PROBLEM: Could you retype exactly the lines below between the one holding "达州川汉子队队员 谢紫靖:大" and the one holding "ขอแสดงความยินดีกับ ร.ต.ท.กิตติณัฐ แสงสินทรัพย์", inclusive, leaving out any pictures?

RECORD EXCERPTS:
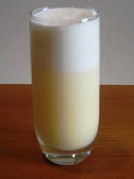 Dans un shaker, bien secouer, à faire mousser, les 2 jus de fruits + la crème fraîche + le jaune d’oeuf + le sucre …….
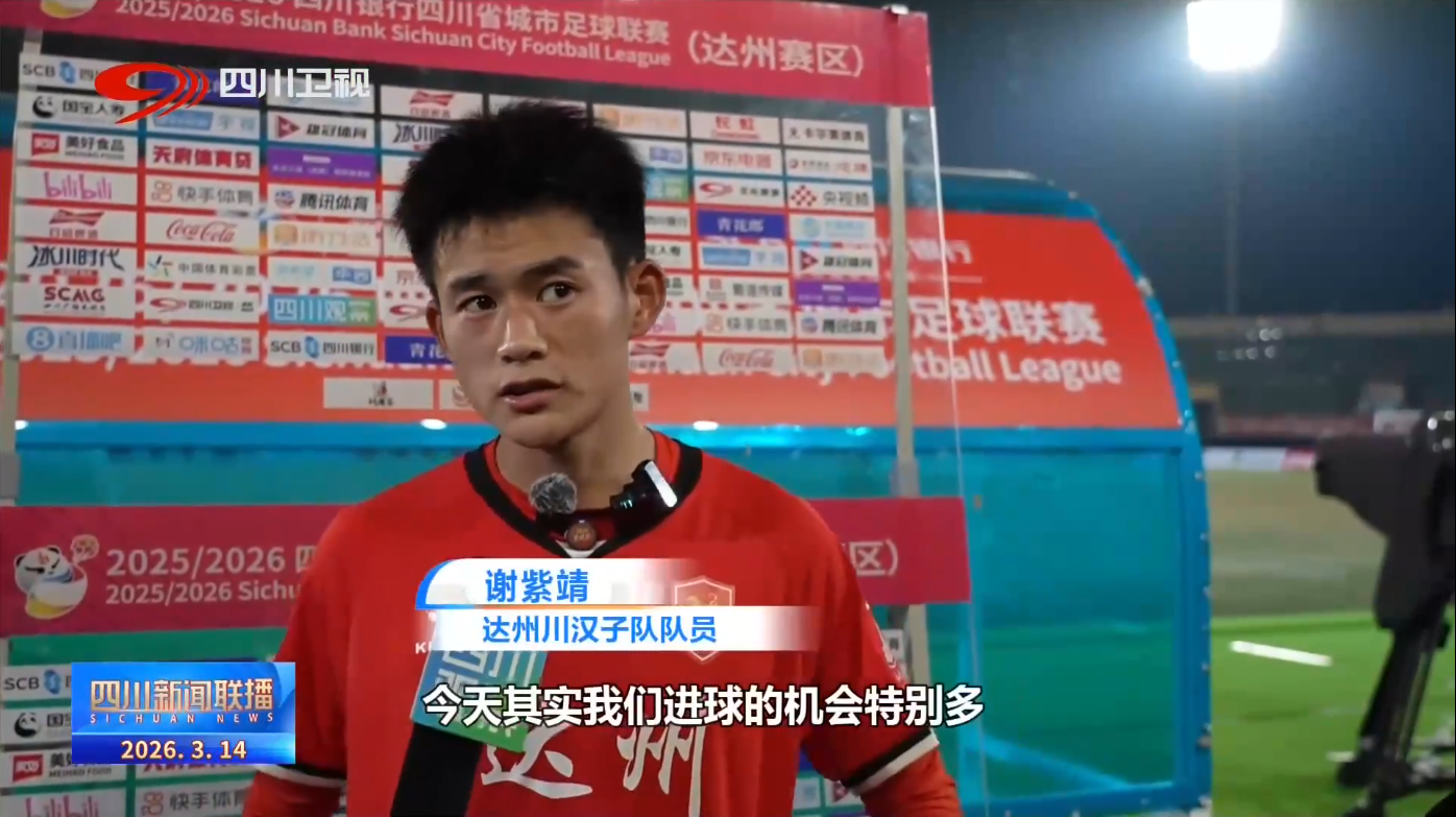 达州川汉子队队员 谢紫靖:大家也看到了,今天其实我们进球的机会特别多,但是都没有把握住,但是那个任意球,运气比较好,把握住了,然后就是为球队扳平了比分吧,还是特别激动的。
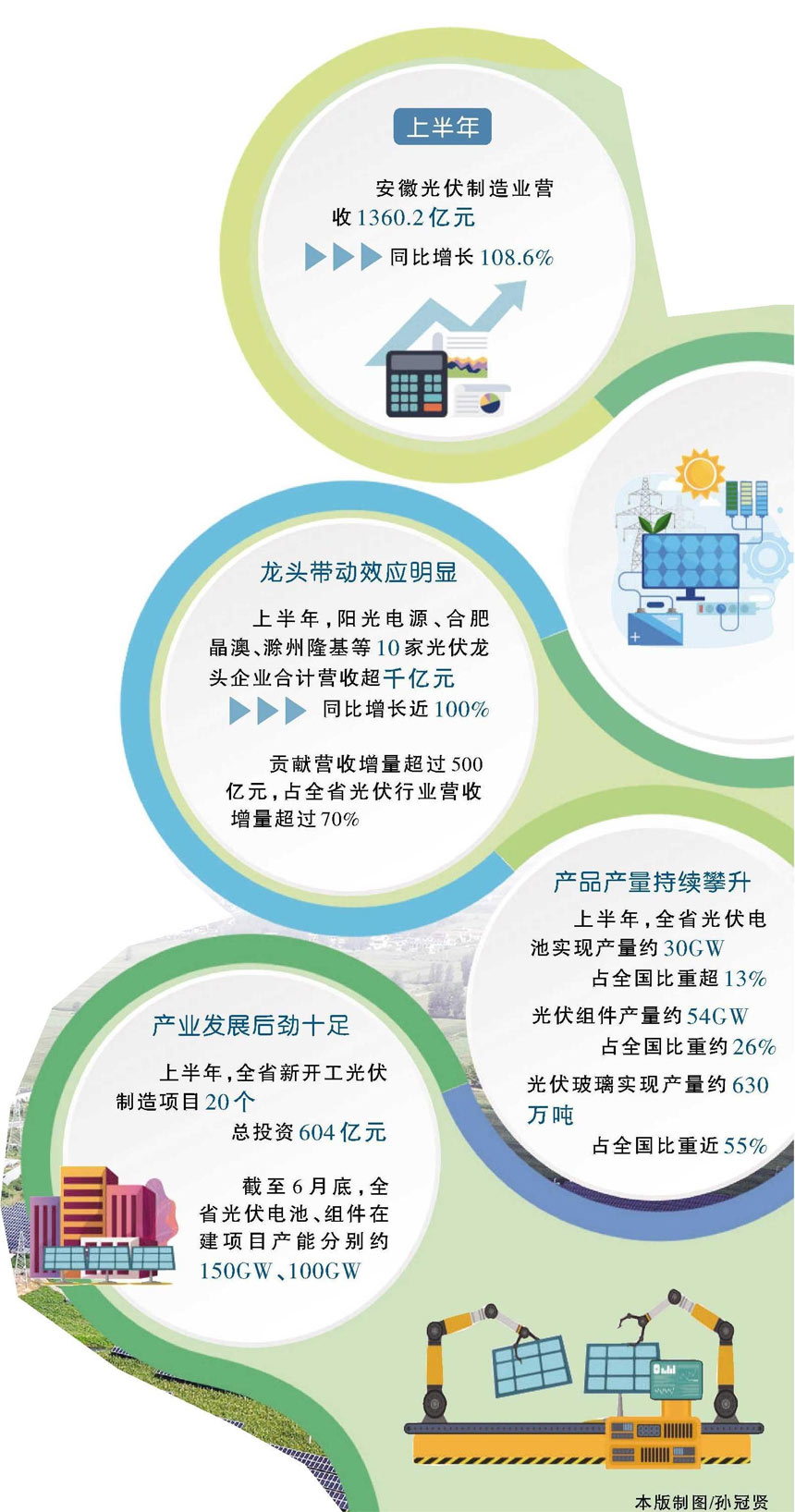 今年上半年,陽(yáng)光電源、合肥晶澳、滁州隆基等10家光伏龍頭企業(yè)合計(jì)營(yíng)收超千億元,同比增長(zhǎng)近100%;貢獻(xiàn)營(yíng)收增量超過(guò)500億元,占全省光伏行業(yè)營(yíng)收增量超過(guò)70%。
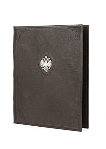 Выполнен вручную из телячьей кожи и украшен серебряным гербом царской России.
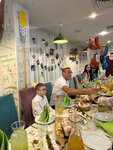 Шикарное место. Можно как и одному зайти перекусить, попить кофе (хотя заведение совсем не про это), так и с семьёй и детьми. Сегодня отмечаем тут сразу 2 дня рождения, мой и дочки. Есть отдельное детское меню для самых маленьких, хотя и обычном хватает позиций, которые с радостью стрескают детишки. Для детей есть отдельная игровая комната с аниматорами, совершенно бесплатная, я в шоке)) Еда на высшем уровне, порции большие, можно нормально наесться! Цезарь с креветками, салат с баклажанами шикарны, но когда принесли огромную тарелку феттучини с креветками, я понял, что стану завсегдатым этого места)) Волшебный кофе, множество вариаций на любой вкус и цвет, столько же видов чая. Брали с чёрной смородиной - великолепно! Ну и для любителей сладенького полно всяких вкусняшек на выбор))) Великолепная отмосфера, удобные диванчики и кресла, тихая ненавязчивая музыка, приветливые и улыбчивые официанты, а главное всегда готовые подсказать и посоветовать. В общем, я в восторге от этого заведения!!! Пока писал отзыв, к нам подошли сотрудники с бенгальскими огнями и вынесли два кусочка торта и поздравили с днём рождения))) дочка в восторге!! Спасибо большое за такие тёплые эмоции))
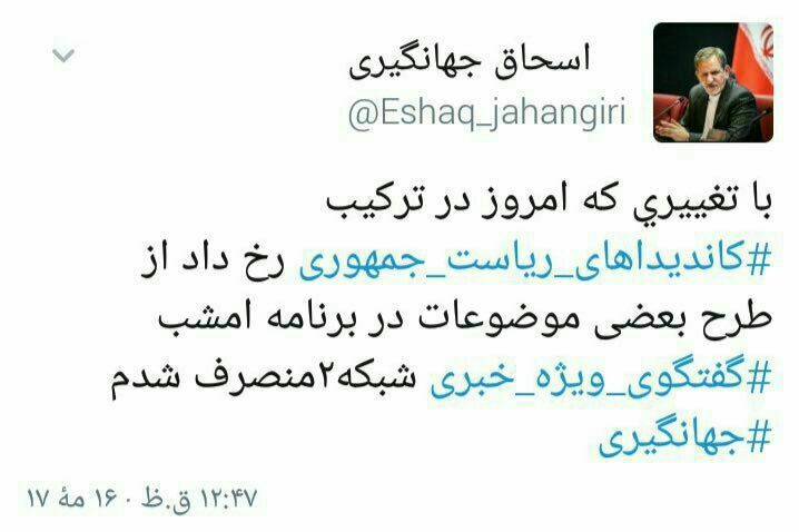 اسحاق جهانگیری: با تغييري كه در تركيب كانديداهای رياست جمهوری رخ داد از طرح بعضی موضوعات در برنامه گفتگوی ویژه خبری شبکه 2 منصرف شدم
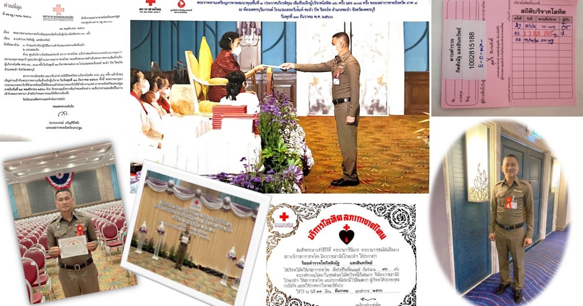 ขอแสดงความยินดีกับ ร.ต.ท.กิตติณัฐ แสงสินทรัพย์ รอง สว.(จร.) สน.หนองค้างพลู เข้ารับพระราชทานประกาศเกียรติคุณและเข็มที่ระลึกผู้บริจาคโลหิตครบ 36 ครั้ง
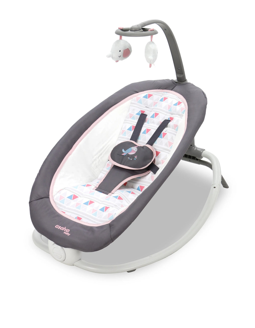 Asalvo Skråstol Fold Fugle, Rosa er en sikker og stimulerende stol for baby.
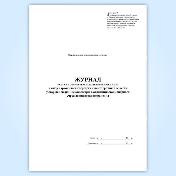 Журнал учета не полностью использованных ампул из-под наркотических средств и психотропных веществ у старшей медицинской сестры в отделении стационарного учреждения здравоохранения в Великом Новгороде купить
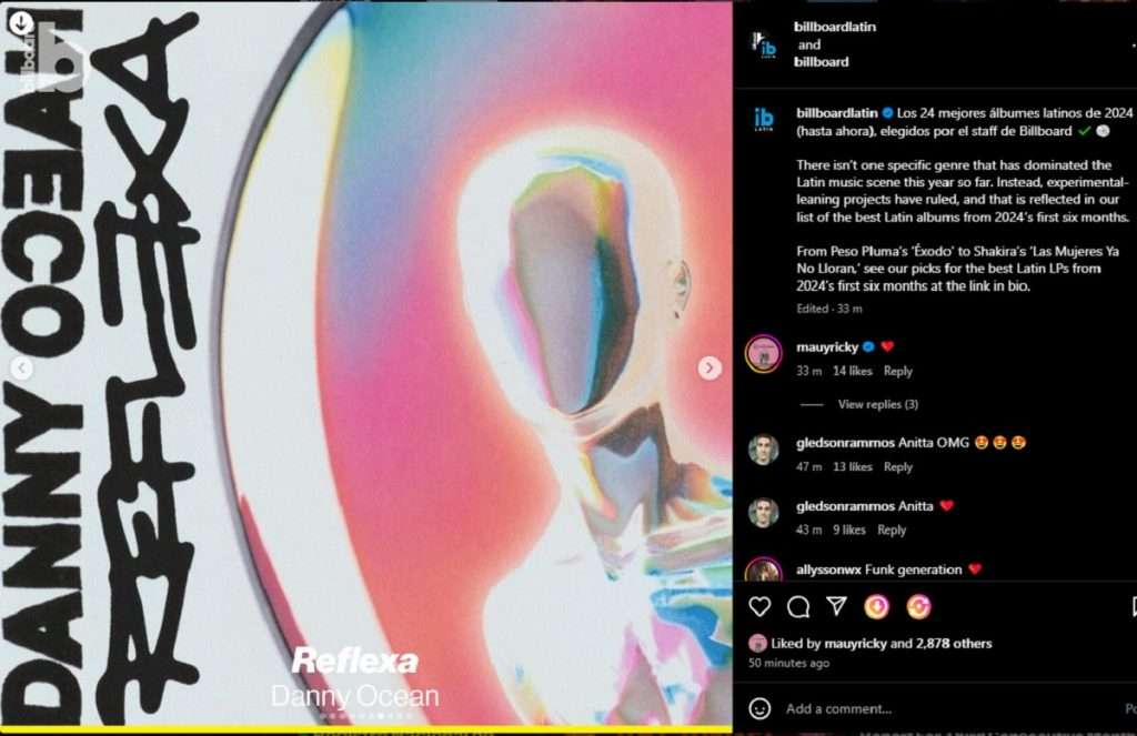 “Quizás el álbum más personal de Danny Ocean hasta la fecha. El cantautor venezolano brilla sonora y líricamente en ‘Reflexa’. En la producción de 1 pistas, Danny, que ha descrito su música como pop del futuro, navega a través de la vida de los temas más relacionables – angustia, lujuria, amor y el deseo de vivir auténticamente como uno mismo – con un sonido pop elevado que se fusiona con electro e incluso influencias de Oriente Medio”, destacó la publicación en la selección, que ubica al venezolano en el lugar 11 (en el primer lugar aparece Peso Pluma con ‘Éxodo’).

WRITTEN RESPONSE:
 达州川汉子队队员 谢紫靖:大家也看到了,今天其实我们进球的机会特别多,但是都没有把握住,但是那个任意球,运气比较好,把握住了,然后就是为球队扳平了比分吧,还是特别激动的。
 今年上半年,陽(yáng)光電源、合肥晶澳、滁州隆基等10家光伏龍頭企業(yè)合計(jì)營(yíng)收超千億元,同比增長(zhǎng)近100%;貢獻(xiàn)營(yíng)收增量超過(guò)500億元,占全省光伏行業(yè)營(yíng)收增量超過(guò)70%。
 Выполнен вручную из телячьей кожи и украшен серебряным гербом царской России.
 Шикарное место. Можно как и одному зайти перекусить, попить кофе (хотя заведение совсем не про это), так и с семьёй и детьми. Сегодня отмечаем тут сразу 2 дня рождения, мой и дочки. Есть отдельное детское меню для самых маленьких, хотя и обычном хватает позиций, которые с радостью стрескают детишки. Для детей есть отдельная игровая комната с аниматорами, совершенно бесплатная, я в шоке)) Еда на высшем уровне, порции большие, можно нормально наесться! Цезарь с креветками, салат с баклажанами шикарны, но когда принесли огромную тарелку феттучини с креветками, я понял, что стану завсегдатым этого места)) Волшебный кофе, множество вариаций на любой вкус и цвет, столько же видов чая. Брали с чёрной смородиной - великолепно! Ну и для любителей сладенького полно всяких вкусняшек на выбор))) Великолепная отмосфера, удобные диванчики и кресла, тихая ненавязчивая музыка, приветливые и улыбчивые официанты, а главное всегда готовые подсказать и посоветовать. В общем, я в восторге от этого заведения!!! Пока писал отзыв, к нам подошли сотрудники с бенгальскими огнями и вынесли два кусочка торта и поздравили с днём рождения))) дочка в восторге!! Спасибо большое за такие тёплые эмоции))
 اسحاق جهانگیری: با تغييري كه در تركيب كانديداهای رياست جمهوری رخ داد از طرح بعضی موضوعات در برنامه گفتگوی ویژه خبری شبکه 2 منصرف شدم
 ขอแสดงความยินดีกับ ร.ต.ท.กิตติณัฐ แสงสินทรัพย์ รอง สว.(จร.) สน.หนองค้างพลู เข้ารับพระราชทานประกาศเกียรติคุณและเข็มที่ระลึกผู้บริจาคโลหิตครบ 36 ครั้ง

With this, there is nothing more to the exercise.